» **Source data**:
▽

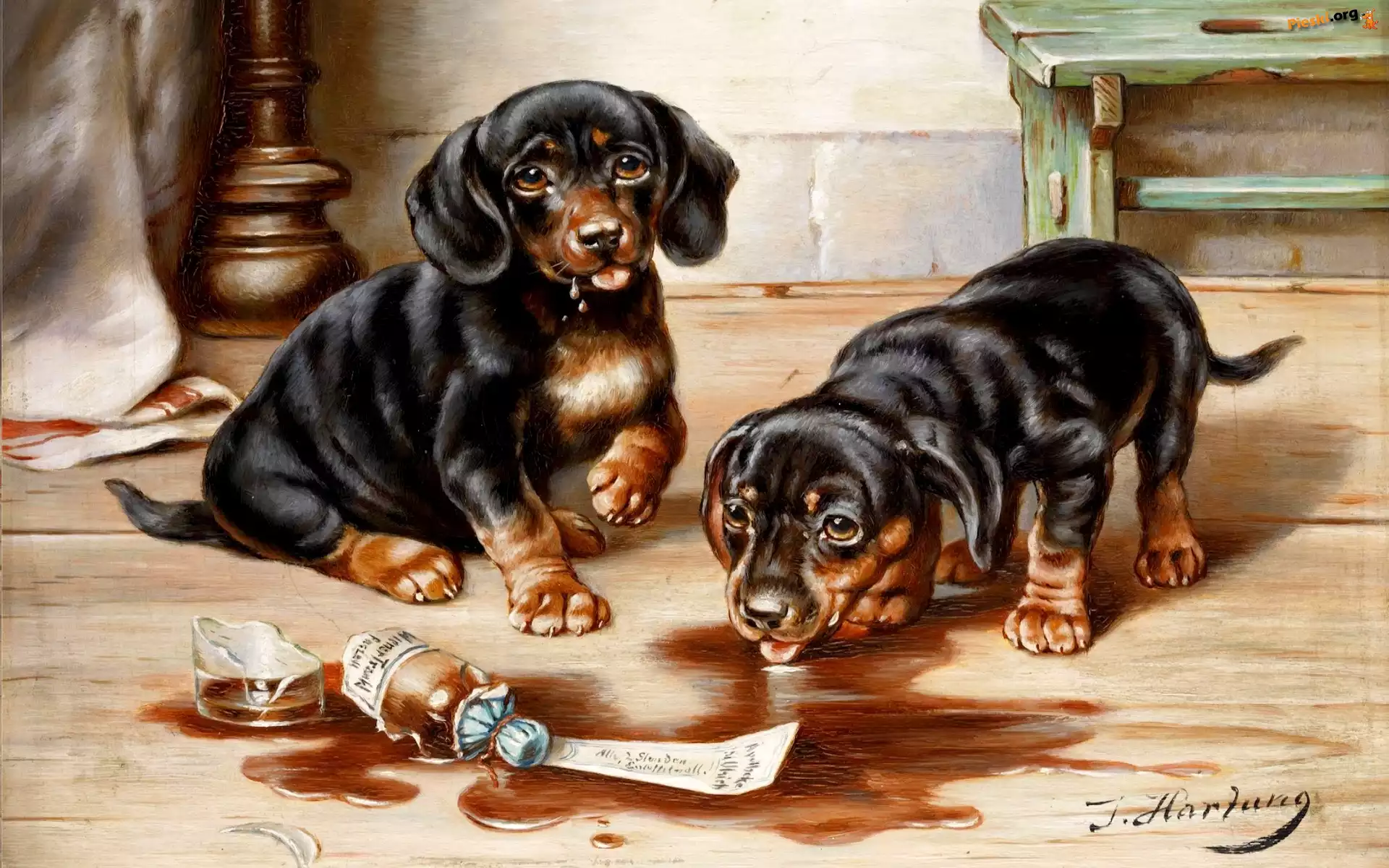 Jamniki, Dwa, Szczeniaki, Obraz, Pieski
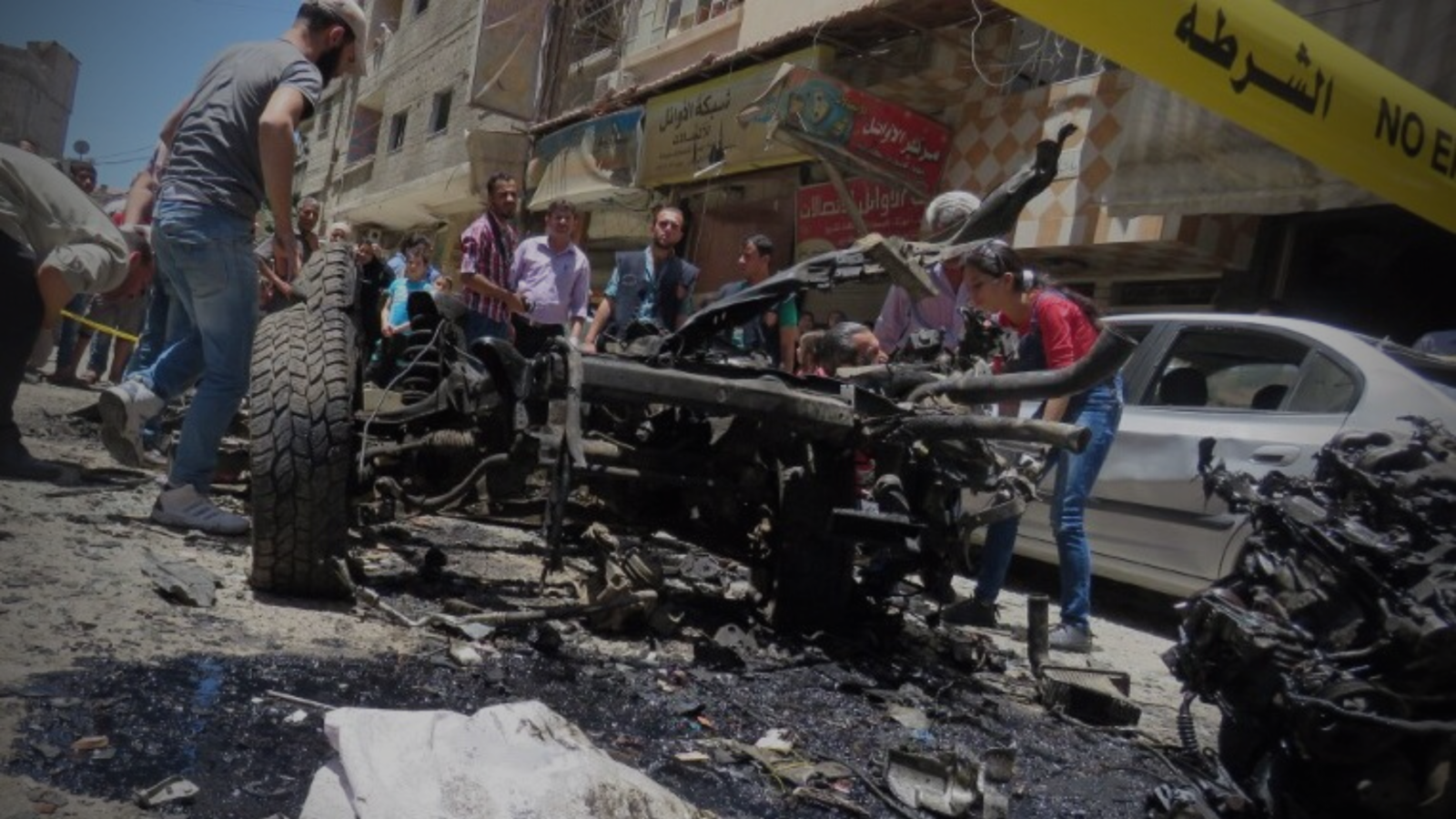 Charred taxi surrounded by large crowds
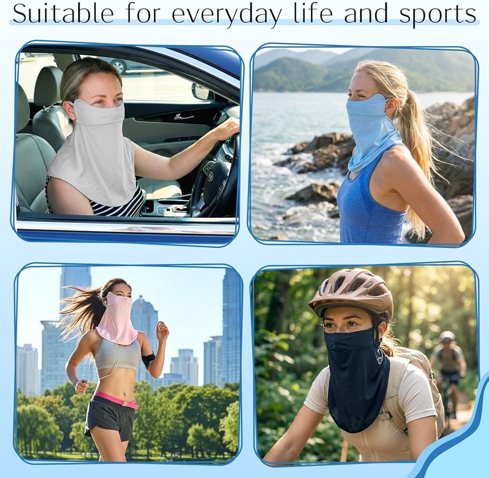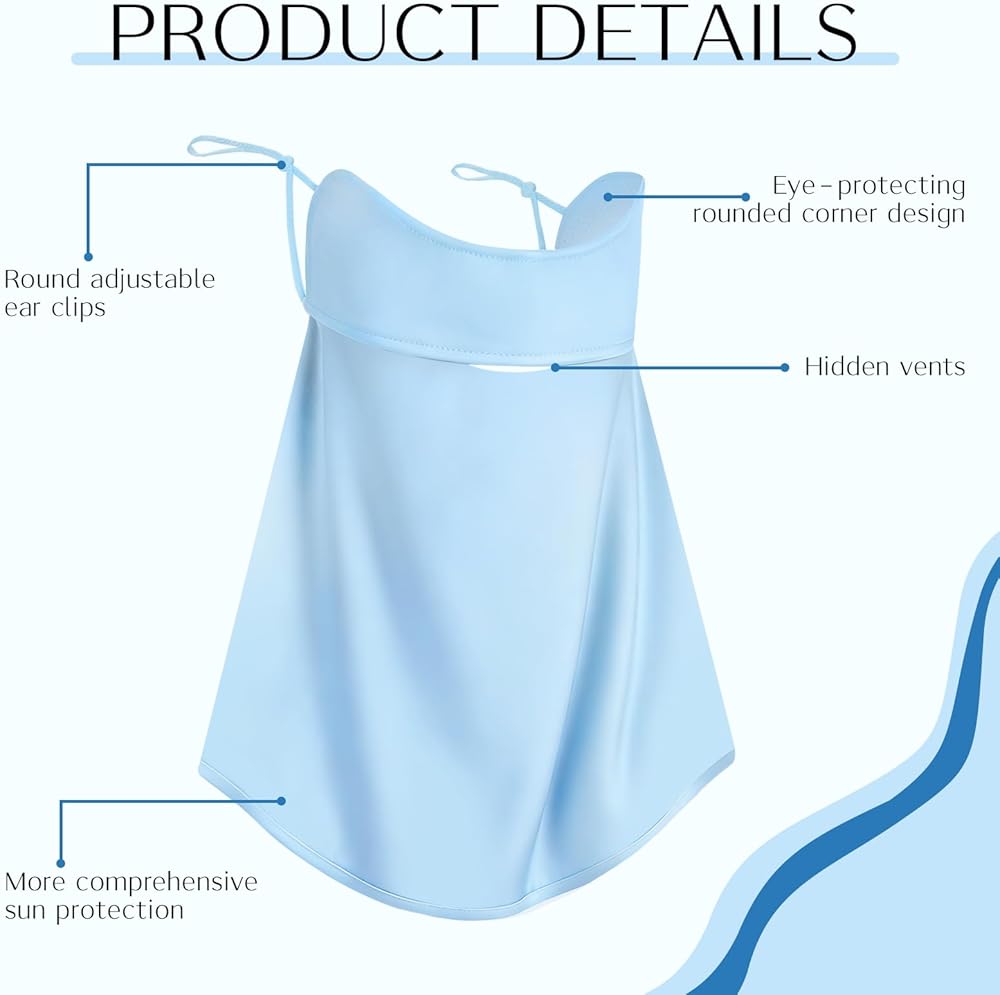 UPF 50+ UV Protection: This UV face cover offers UPF 50+ protection, shielding your skin from harmful UV rays with an extended coverage area, shielding your face and neck from sun damage; Perfect for daily sun protection and outdoor adventures

△

» **Exercise brief**:
In the data, the line that contains "Charred taxi surrounded by large crowds" begins the part to write out; restate it and each line after it word for word through the end, with no pictures.

» **Response to this exercise**:
 Charred taxi surrounded by large crowds
 UPF 50+ UV Protection: This UV face cover offers UPF 50+ protection, shielding your skin from harmful UV rays with an extended coverage area, shielding your face and neck from sun damage; Perfect for daily sun protection and outdoor adventures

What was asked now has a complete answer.